[Dataset entries]
= Beginning of Section =

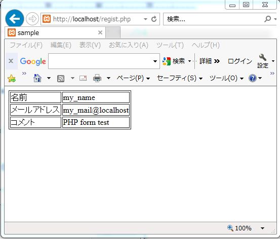 <html> <head> <meta http-equiv="Content-Type" content="text/html; charset=utf-8" > <title>regist</title> </head> <body> <table border="1"> <tr><td>名前</td><td><?php echo htmlspecialchars($_POST["name"], ENT_QUOTES) ?></td> </tr> <tr><td>メールアドレス</td><td><?php echo htmlspecialchars($_POST["mail"], ENT_QUOTES) ?></td> </tr> <tr><td>コメント</td><td><?php echo nl2br(htmlspecialchars($_POST["comment"], ENT_QUOTES)) ?></td> </tr> </table> </body> </html> |
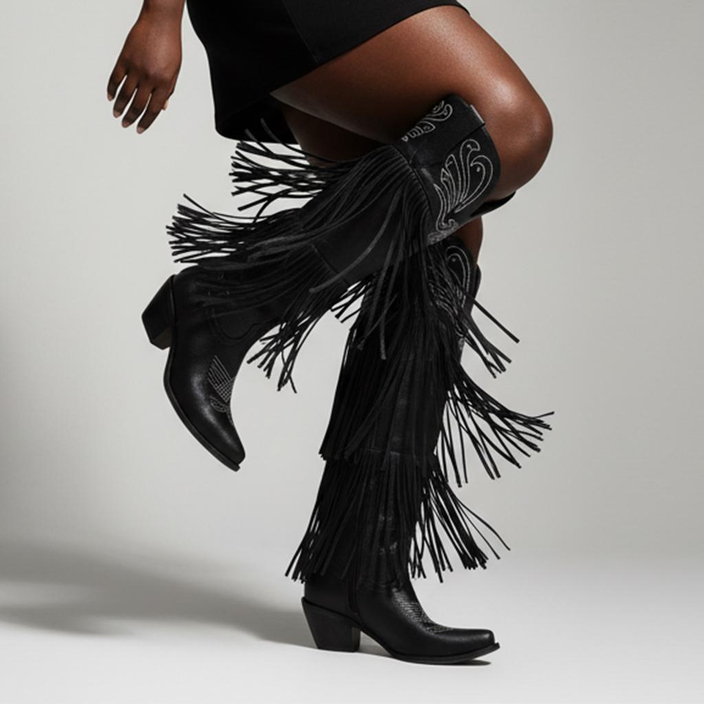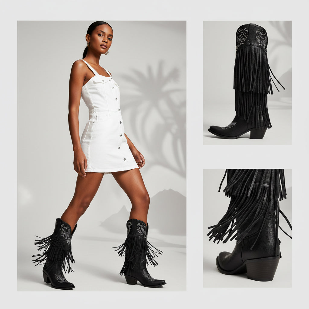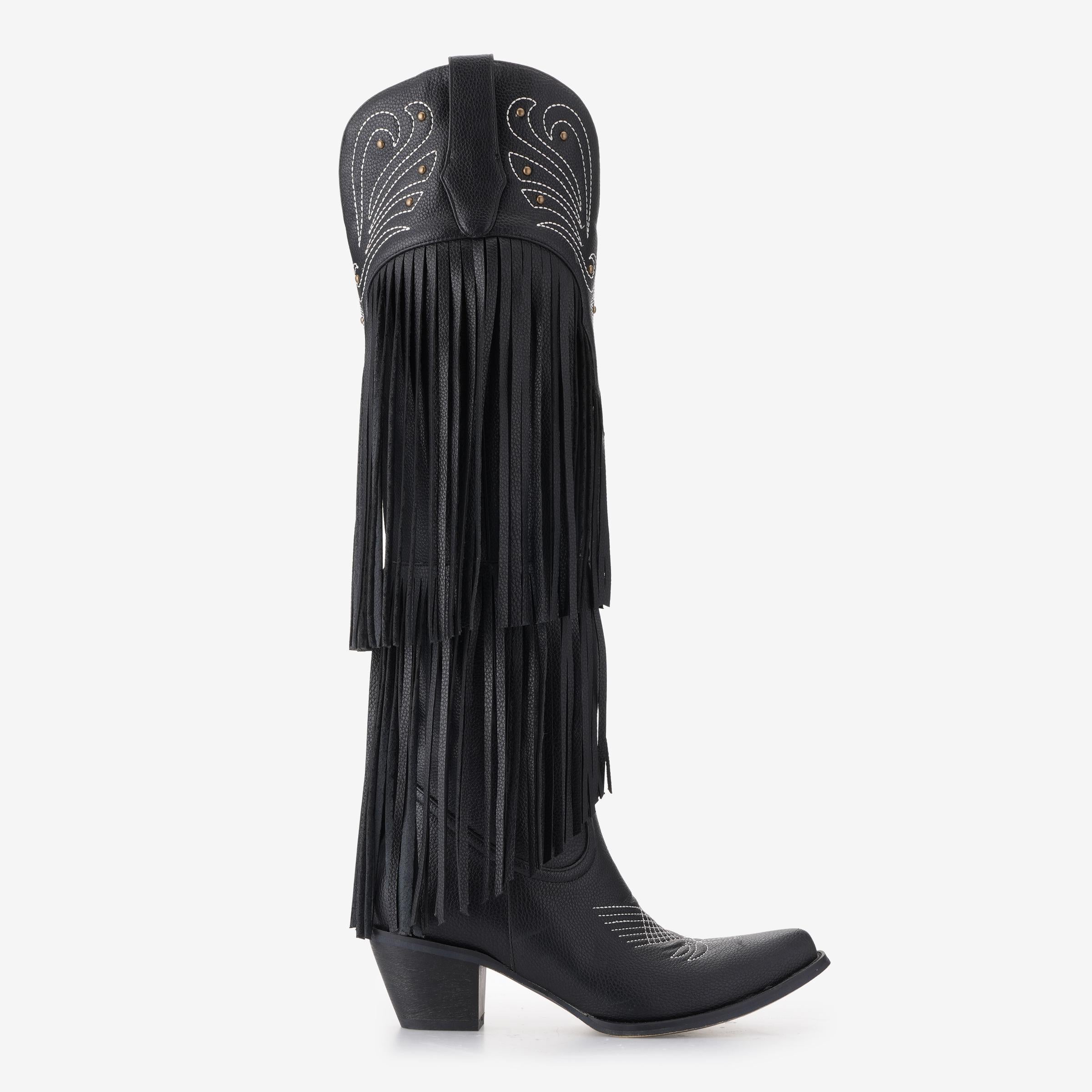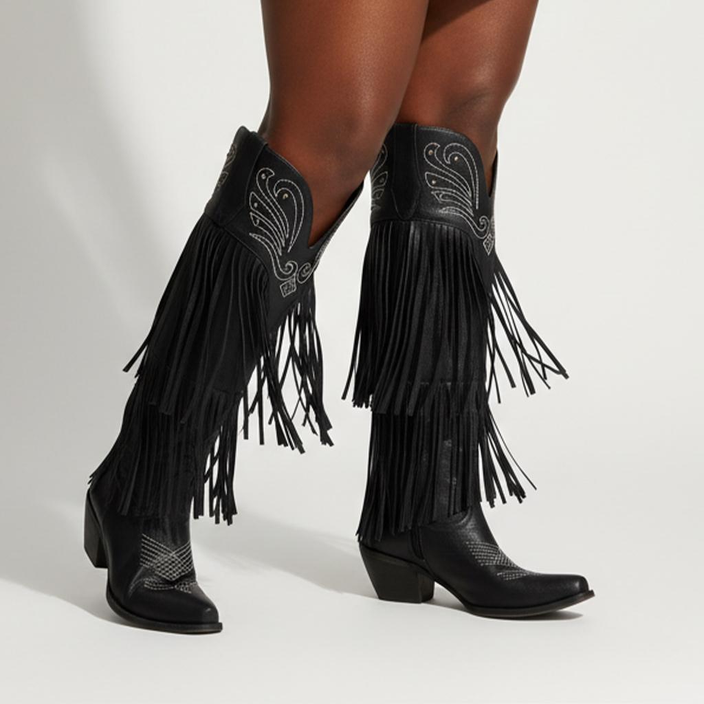 Crafted with a unique blend of fashion and comfort, these stunning over-the-knee western boots redefine modern elegance. The exquisite embroidered details, alongside eye-catching fringes and rivets, set these boots apart, making them the perfect accessory for any stylish wardrobe.
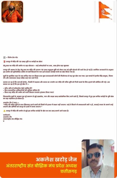 रायपुर में मंदिर की 18 एकड़ भूमि पर करोड़ों का खेल! जैतूसाव मठ मंदिर की जमीन पर बड़ा घोटाला – कई सफेदपोशों पर शक, जल्द होगा बड़ा खुलासा…..
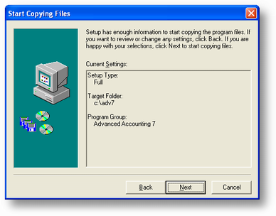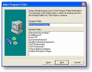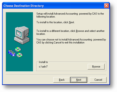 Next you will be asked for the folder (subdirectory) where Advanced Accounting 7 should be installed. Please read the section below that applies to you before choosing a directory:
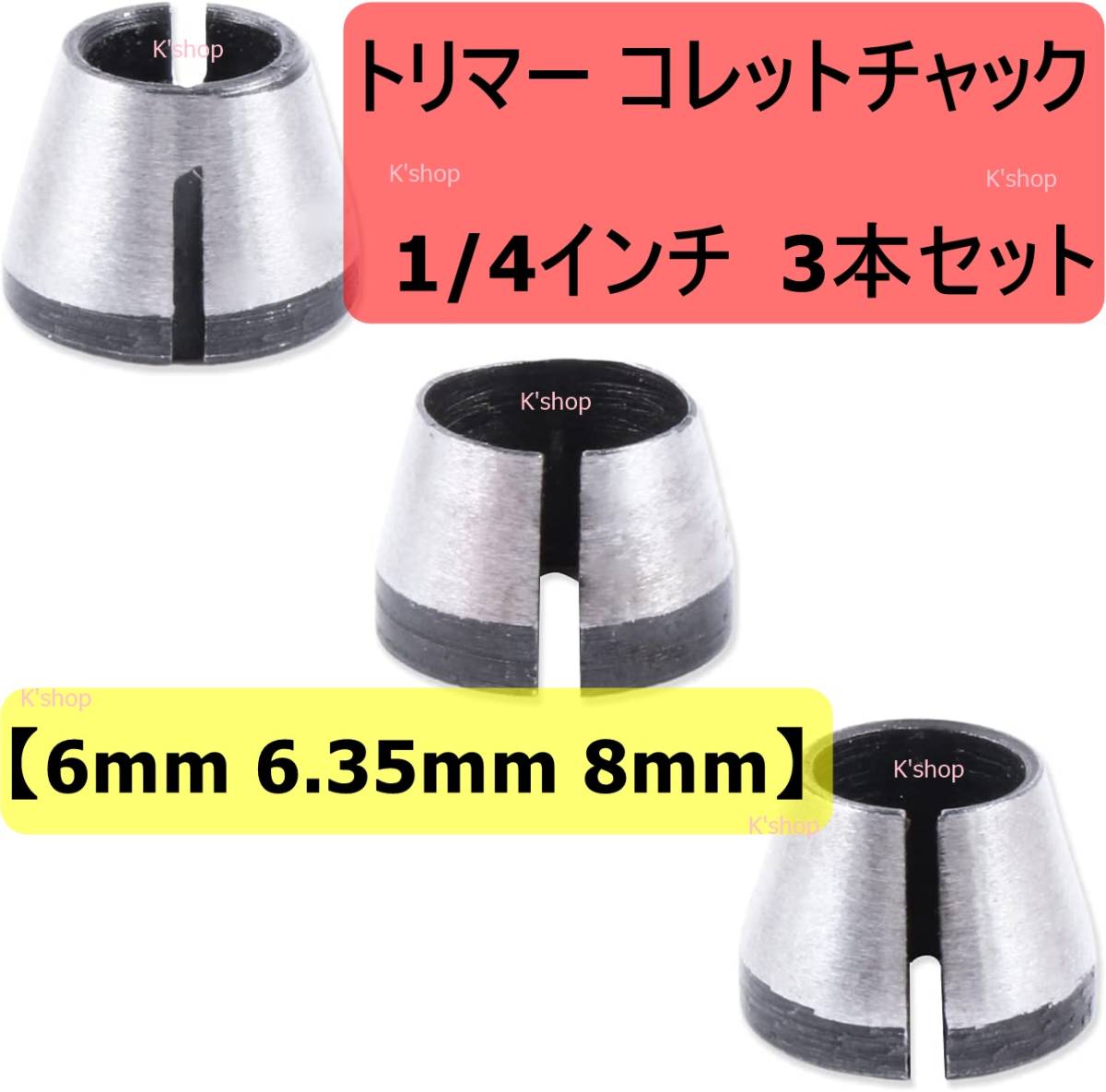 - トリマー コレットチャック 1/4インチ 6mm 6.35mm 8mm 電動工具 DIY 工具 トリマーアクセサリ 3本セット トリマーコレットチャック
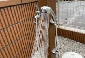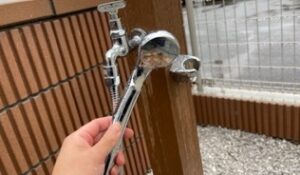 ↑シャワーの先端部分が落下の衝撃で中心部分が取れてしまっており、水が正しく排出されない状態でした。
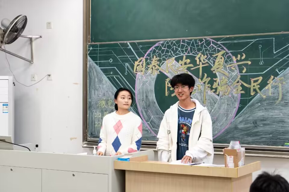 为进一步丰富2022级新生的防诈安全常识,强化反诈意识,共创平安无诈班级,力争“0”发案,集成电路科学与工程学院B220301、B220304班于11月25日晚成功举办了“国泰民安华夏兴 防范诈骗全民行”的主题班会。腐漫 党委副书记、副院长乔祖琴、2022级辅导员王辉出席了此次班会。

= End of Section =

◆ **Exercise description**:
Reproduce the records above exactly, excluding every picture.

◆ **Output of the exercise**:
 <html> <head> <meta http-equiv="Content-Type" content="text/html; charset=utf-8" > <title>regist</title> </head> <body> <table border="1"> <tr><td>名前</td><td><?php echo htmlspecialchars($_POST["name"], ENT_QUOTES) ?></td> </tr> <tr><td>メールアドレス</td><td><?php echo htmlspecialchars($_POST["mail"], ENT_QUOTES) ?></td> </tr> <tr><td>コメント</td><td><?php echo nl2br(htmlspecialchars($_POST["comment"], ENT_QUOTES)) ?></td> </tr> </table> </body> </html> |
 Crafted with a unique blend of fashion and comfort, these stunning over-the-knee western boots redefine modern elegance. The exquisite embroidered details, alongside eye-catching fringes and rivets, set these boots apart, making them the perfect accessory for any stylish wardrobe.
 रायपुर में मंदिर की 18 एकड़ भूमि पर करोड़ों का खेल! जैतूसाव मठ मंदिर की जमीन पर बड़ा घोटाला – कई सफेदपोशों पर शक, जल्द होगा बड़ा खुलासा…..
 Next you will be asked for the folder (subdirectory) where Advanced Accounting 7 should be installed. Please read the section below that applies to you before choosing a directory:
 - トリマー コレットチャック 1/4インチ 6mm 6.35mm 8mm 電動工具 DIY 工具 トリマーアクセサリ 3本セット トリマーコレットチャック
 ↑シャワーの先端部分が落下の衝撃で中心部分が取れてしまっており、水が正しく排出されない状態でした。
 为进一步丰富2022级新生的防诈安全常识,强化反诈意识,共创平安无诈班级,力争“0”发案,集成电路科学与工程学院B220301、B220304班于11月25日晚成功举办了“国泰民安华夏兴 防范诈骗全民行”的主题班会。腐漫 党委副书记、副院长乔祖琴、2022级辅导员王辉出席了此次班会。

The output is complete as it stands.